> _Input data_:
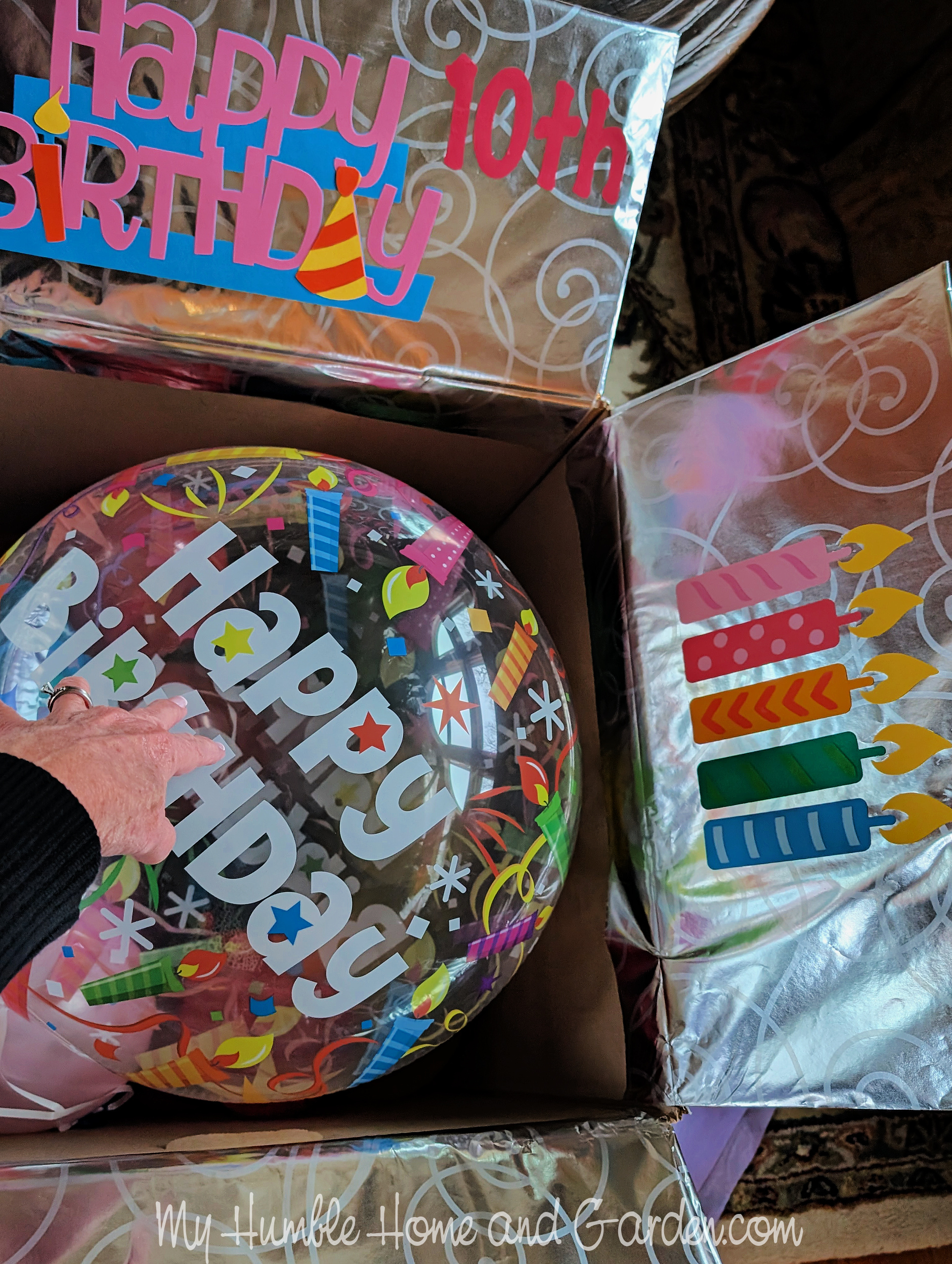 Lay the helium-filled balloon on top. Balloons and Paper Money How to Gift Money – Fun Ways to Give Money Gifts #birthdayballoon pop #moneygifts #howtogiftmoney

---

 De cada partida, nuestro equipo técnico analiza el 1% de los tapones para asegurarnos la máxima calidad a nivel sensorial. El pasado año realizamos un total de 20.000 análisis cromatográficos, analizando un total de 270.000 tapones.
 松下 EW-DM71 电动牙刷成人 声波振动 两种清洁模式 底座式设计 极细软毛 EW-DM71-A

> _Task_: In the data above, find the line with "De cada partida, nuestro" and the line with "松下 EW-DM71 电动牙刷成人". Retype both, plus every line between them, exactly.

> _Solution for this problem_:
 De cada partida, nuestro equipo técnico analiza el 1% de los tapones para asegurarnos la máxima calidad a nivel sensorial. El pasado año realizamos un total de 20.000 análisis cromatográficos, analizando un total de 270.000 tapones.
 松下 EW-DM71 电动牙刷成人 声波振动 两种清洁模式 底座式设计 极细软毛 EW-DM71-A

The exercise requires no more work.